◆ **SUPPLIED MATERIAL**

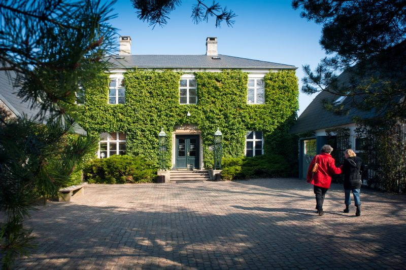 Louisiana Museum of Modern Art
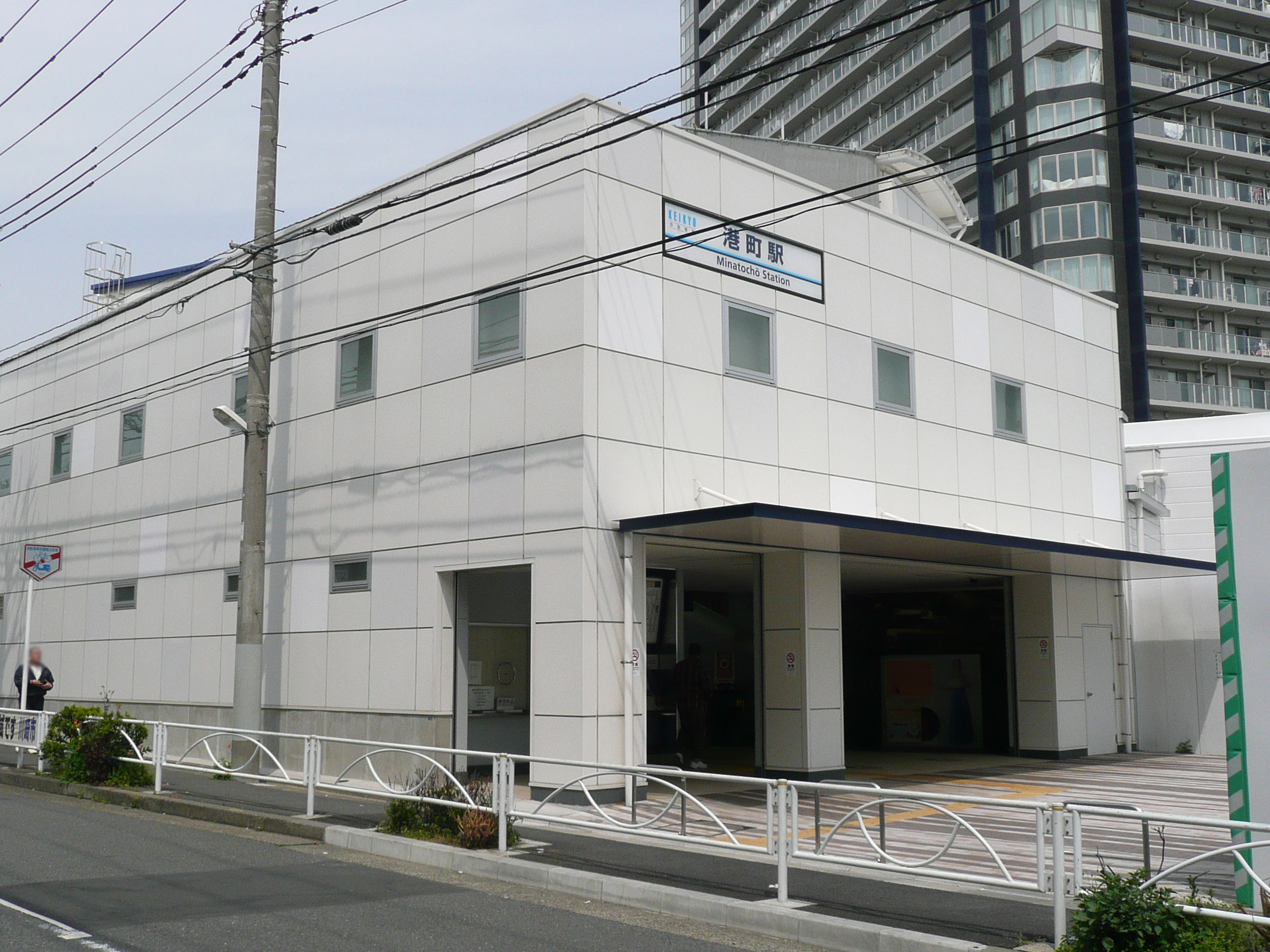 South Entrance of Minatochō Station
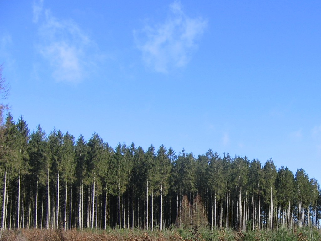 forest
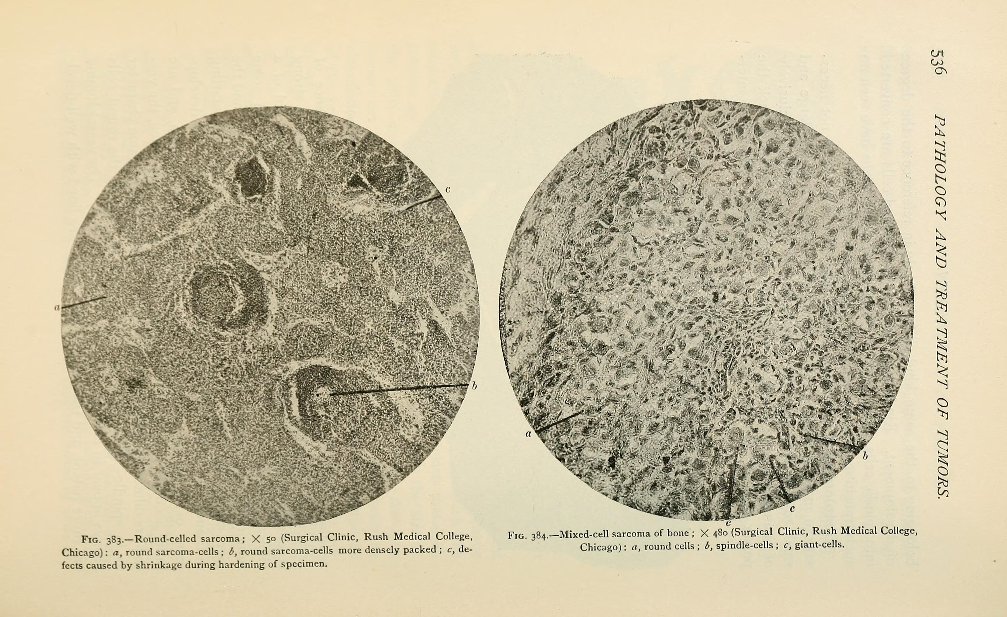 Title: The pathology and surgical treatment of tumors Year: 1895 (1890s) Authors: Senn, Nicholas, 1844-1908 Subjects: Neoplasms Neoplasms Cancer Cancer Publisher: Philadelphia : Saunders Text Appearing Before Image: SC.S^ Text Appearing After Image: SARCOMA. 537 oped endothelia. The round cells which compose the principal massof the new tissue are distinguished by their large nuclei containing anabundant supply of chromatin. A superficial examination reveals thepicture of an inflammatory process. A careful examination, however,shows that the cells are arranged in rows along the course of blood-vessels, which peculiar arrangement constitutes one of the most reliablediagnostic evidences of the character and variety of the tumor. Ifthese rows of cells are examined more carefully, it becomes evidentthat they are the product of connective-tissue proliferation. Veryfrequently short rows of four or five quadrangular cells are met with,densely packed, which are joined on the sides by triangular cells.The cells in such circumstances lose their round shape from mutualpressure. Round cells differ from spindle-cells in that the cell-seg-mentation by indirect division more speedily extends from the nucleusto the cell-proliferation. Mitotic fi

◆ **TRY IT**
Please reproduce each line of the listing above exactly, skipping pictures.

◆ **PROBLEM SOLUTION**
 Louisiana Museum of Modern Art
 South Entrance of Minatochō Station
 forest
 Title: The pathology and surgical treatment of tumors Year: 1895 (1890s) Authors: Senn, Nicholas, 1844-1908 Subjects: Neoplasms Neoplasms Cancer Cancer Publisher: Philadelphia : Saunders Text Appearing Before Image: SC.S^ Text Appearing After Image: SARCOMA. 537 oped endothelia. The round cells which compose the principal massof the new tissue are distinguished by their large nuclei containing anabundant supply of chromatin. A superficial examination reveals thepicture of an inflammatory process. A careful examination, however,shows that the cells are arranged in rows along the course of blood-vessels, which peculiar arrangement constitutes one of the most reliablediagnostic evidences of the character and variety of the tumor. Ifthese rows of cells are examined more carefully, it becomes evidentthat they are the product of connective-tissue proliferation. Veryfrequently short rows of four or five quadrangular cells are met with,densely packed, which are joined on the sides by triangular cells.The cells in such circumstances lose their round shape from mutualpressure. Round cells differ from spindle-cells in that the cell-seg-mentation by indirect division more speedily extends from the nucleusto the cell-proliferation. Mitotic fi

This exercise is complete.